読むことについて

椎名富比路@ツクールゲーム原案コン大賞

スティーブン・キング / 『書くことについて』(図書館

 小説家スティーブン・キングによる、創作論。 


 キングの本が読みたい、と思って探していたら、創作論が見つかったのです。

 なんと、図書館でも借りられるという。


 さっそく地元の図書館で借りて読む。


 前半は幼少期からデビューまで。

 キング氏も大概だが、兄キングも相当の悪ガキで、コンセントに異物をぶっさして街中を停電させた伝説を持つ。


 中盤は創作論。

「作家になりたかったら、たくさん読んでたくさん書くに限る」

 と、本著で語っていますよー。


 特に描写面は、勉強になるところが多いかと思います。



『ミザリー』のアニーは、端から見れば完璧な異常者。

 髪がボサボサのまま、チョコレートケーキをホールで食う。

 が、本人はいたって正常で、道理をわきまえていると信じています。

 それどころか、自身を

「ゲスな有象無象を相手に孤軍奮闘している英雄」

 とみなしているのですよー。


 何が言いたいかというと、

「異常者を『あの人は異常者だ』などという言葉で片付けるな」

 ということです。


 描写せんかいと。


 ミザリーがいかに怖い小説か、すごくよく分かる描写です。


「優れた小説は、物語で始まりテーマで終わる。逆はない」


 これも、非常に参考になる創作論かと。


 他にも、勉強になる技術がふんだんに詰まっています。



 後半になって、「交通事故に遭って死にかけた話」を。

 キング氏は、交通事故の経験から「何か残したい!」と思って、本著を執筆開始したそうです。
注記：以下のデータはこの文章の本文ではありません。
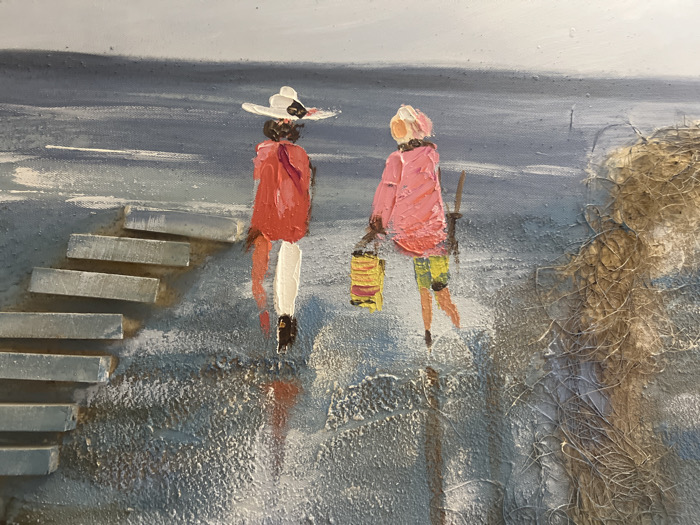 An impressionistic painting depicts two figures walking on a beach alongside textured elements
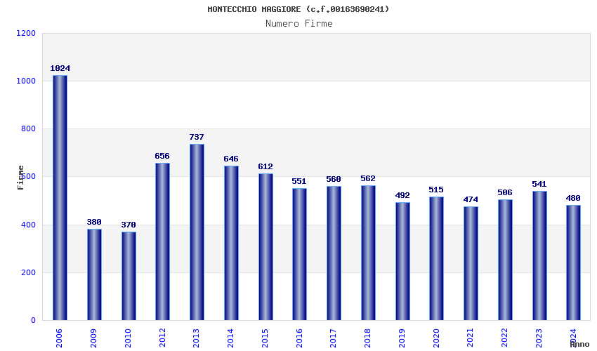 | Anno | Firme | Importi | Media | Naz. | Reg. | Prov. | Comu. |

「オレが作ったキャラみたいなヤツに殺されかけたってわけさ」


 という、いかにもキングらしい言い回しも楽しめます。



 精神科医の樺沢紫苑先生も、ご自身のYouTubeにて、

「小説家になりたい人は必読」

 とおっしゃっています。



 この本、実は小説の実習まで行っています。


・自分にきつめのDVをかました配偶者(男女問わず)が、刑務所もしくは精神病棟から脱走。


・懸命な捜索にもかかわらず、居所が分からない。


・玄関のドアがガチャガチャ鳴っている。


 こういったシチュエーションを描写せよ、というもの。


 ご自身のHPで解答を募っているそうですが、英語ばかりだったので断念。

 今やっているかどうかも分からないので。


 とにかく、創作に関する勉強にはきっと役に立つので是非ご一読を。